РНК и центральная догма молекулярной биологии
Информация в клетке течёт по маршруту ДНК → РНК → белок. Этот маршрут — каркас всей молекулярной биологии.
Центральная догма молекулярной биологии: генетическая информация передаётся от ДНК к РНК (транскрипция), а от РНК к белку (трансляция).
Зная этот маршрут, вы понимаете, что на каждом шаге происходит со строками: ДНК переписывается в РНК почти буква в букву, а РНК уже переводится в белок по таблице кодонов. Большинство задач курса — это какой-то из шагов этой догмы.
Чем РНК отличается от ДНК
РНК (рибонуклеиновая кислота) — тоже строка из четырёх букв, но с двумя отличиями от ДНК:
- Вместо T (тимин) используется U (урацил). То есть алфавит РНК — {A, U, G, C}.
- РНК обычно одноцепочечная (одна нить, а не двойная спираль).
Для кода это значит, что транскрипция ДНК→РНК — это буквально замена T на U.
dna = "ATGGCATTGCATAA"
rna = dna.replace("T", "U")
print("ДНК:", dna)
print("РНК:", rna)Вывод:
ДНК: ATGGCATTGCATAA РНК: AUGGCAUUGCAUAA
Три шага догмы
| Шаг | Из чего | Во что | Что делает код |
| Транскрипция | ДНК | мРНК | замена T→U |
| Трансляция | мРНК | белок | чтение по 3 буквы, таблица кодонов |
мРНК (матричная РНК) — это «рабочая копия» гена, которую клетка несёт к рибосоме, чтобы собрать белок. Ген хранится в ДНК как мастер-копия; РНК — расходный экземпляр. Аналогия из программирования: ДНК — это исходный код в репозитории, мРНК — собранный артефакт, который отправляют на исполнение, а белок — результат работы программы. Клетка не «исполняет» ДНК напрямую — она каждый раз делает свежую РНК-копию нужного гена, и таких копий может быть много одновременно. Это даёт регуляцию: меняя число копий мРНК, клетка управляет тем, сколько белка произвести, не трогая саму ДНК. Именно поэтому анализ экспрессии (сколько мРНК каждого гена в клетке) — отдельная большая ветка биоинформатики, которой мы коснёмся в разделе про омиксные данные.

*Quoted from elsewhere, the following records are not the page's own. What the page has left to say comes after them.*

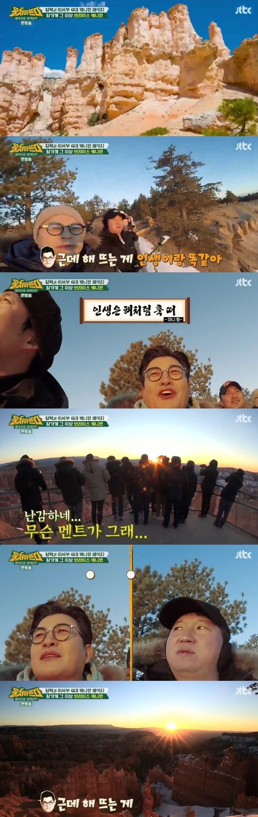 그러다 김용만은 "해가 뜨는 것이 인생이랑 똑같다. 뜰 때 저렇게 훅 뜬다"라고 의미심장하게 말했다. 장혁은 브라이스 캐니언의 33500여개의 돌기둥을 보고 "CG같다"고 감탄했다.
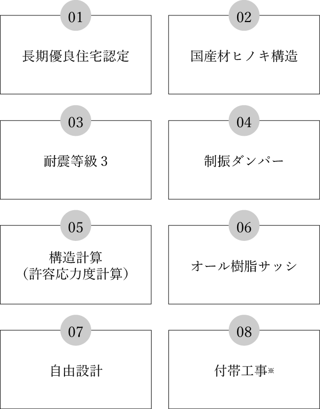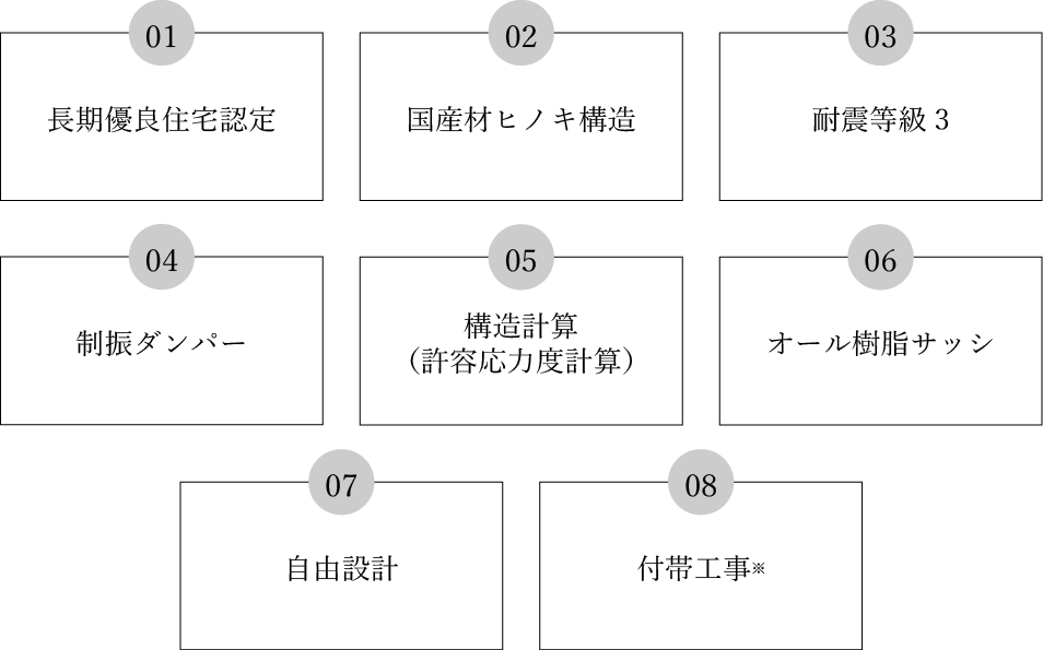 建物付帯工事を含んだ 8もの仕様がすべて標準装備!
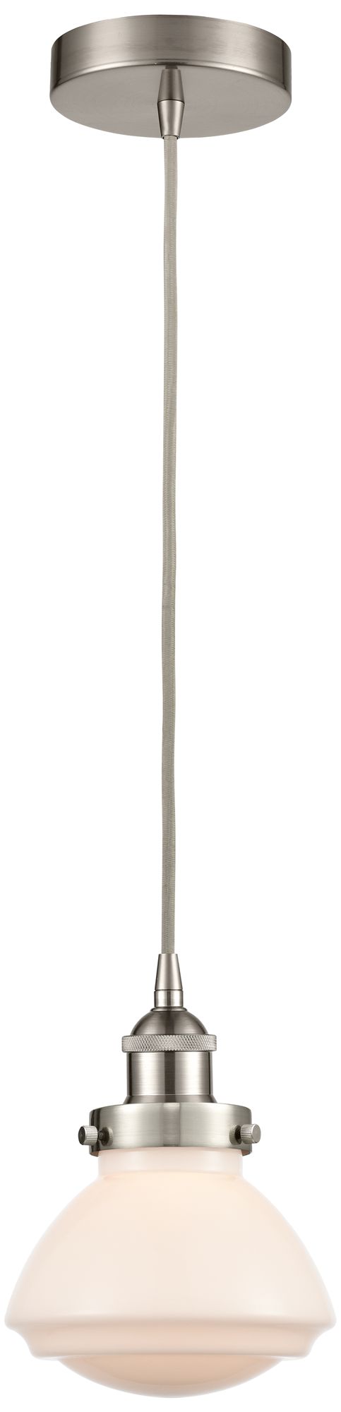 Olean 7" Brushed Satin Nickel Mini Pendant w/ Matte White Shade
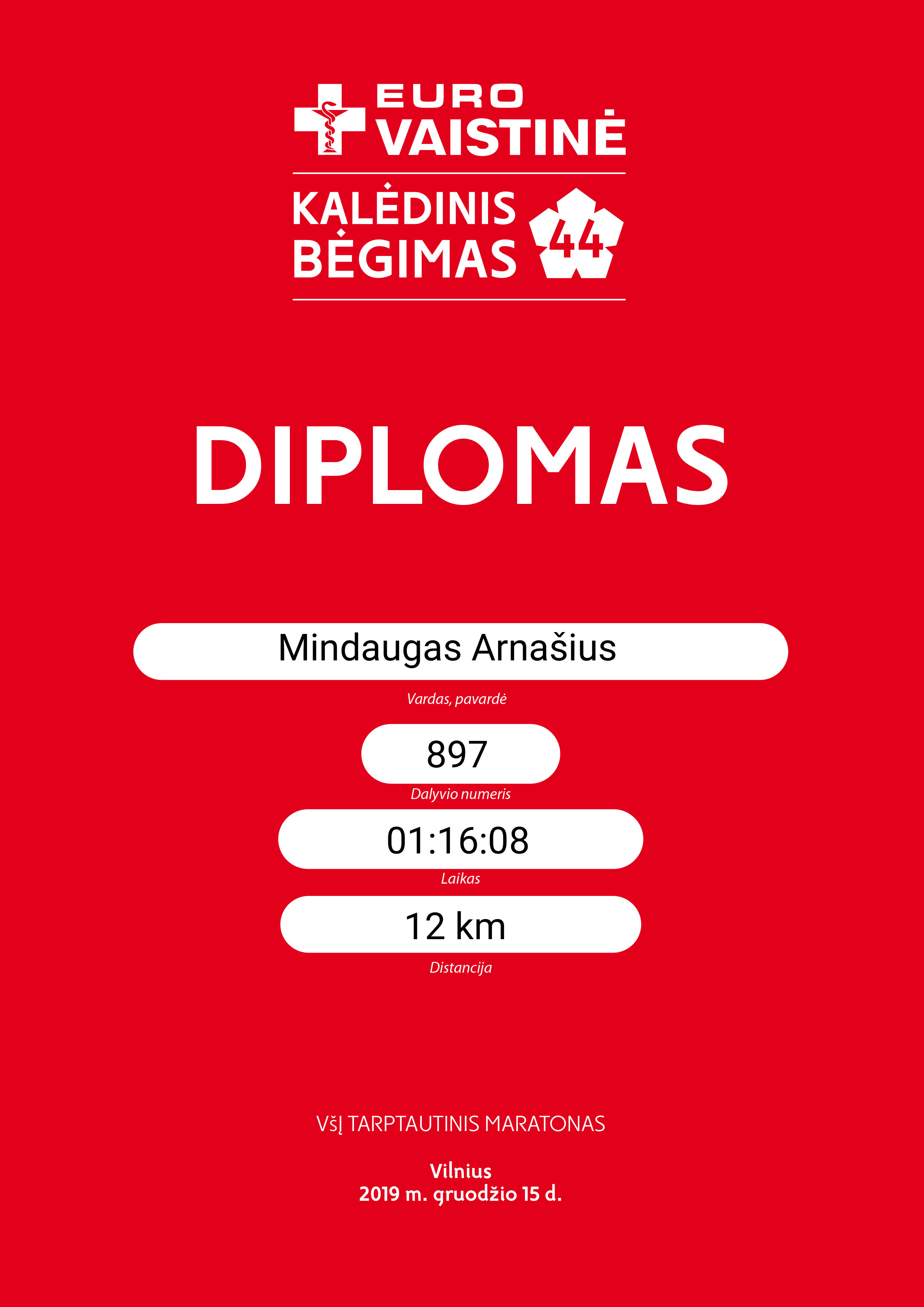 | 215 | Marius Šlepikas | 896 | Lithuania | 12 km | 01:02:45 | Diplomas | |
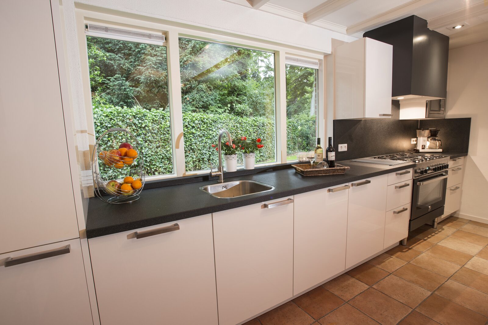 Aparte moderne keuken met 5 gaspitten, grote koelkast en vriesvak, oven, vaatwasser, waterkoker en koffiezetapparaat.

Важно и то, что у эукариот (например, человека) между транскрипцией и трансляцией есть промежуточный шаг — сплайсинг: из первичной РНК вырезаются некодирующие куски (интроны), а кодирующие (экзоны) сшиваются. Один ген за счёт разных вариантов сшивки может давать несколько разных мРНК и, значит, несколько белков. Для кода это значит, что «ген → белок» не всегда прямое соответствие один-к-одному, и при анализе реальных геномов это приходится учитывать.
Зачем биоинформатике эта схема
Догма задаёт, что осмысленно считать. Например, мутация в ДНК важна ровно настолько, насколько она меняет белок (через РНК). Поэтому в анализе вариантов мы всегда мысленно прогоняем изменение по цепочке ДНК→РНК→белок. Покажем мини-конвейер целиком.
# Мини-догма: ДНК -> РНК (трансляцию белка добавим в разделе про код)
dna = "ATGTTCGGA"
rna = dna.replace("T", "U")
codons = [rna[i:i+3] for i in range(0, len(rna), 3)]
print("ДНК: ", dna)
print("РНК: ", rna)
print("Кодоны:", codons)Вывод:
ДНК: ATGTTCGGA РНК: AUGUUCGGA Кодоны: ['AUG', 'UUC', 'GGA']
Видно, как строка естественно разбивается на тройки-кодоны — следующий раздел превратит эти тройки в аминокислоты.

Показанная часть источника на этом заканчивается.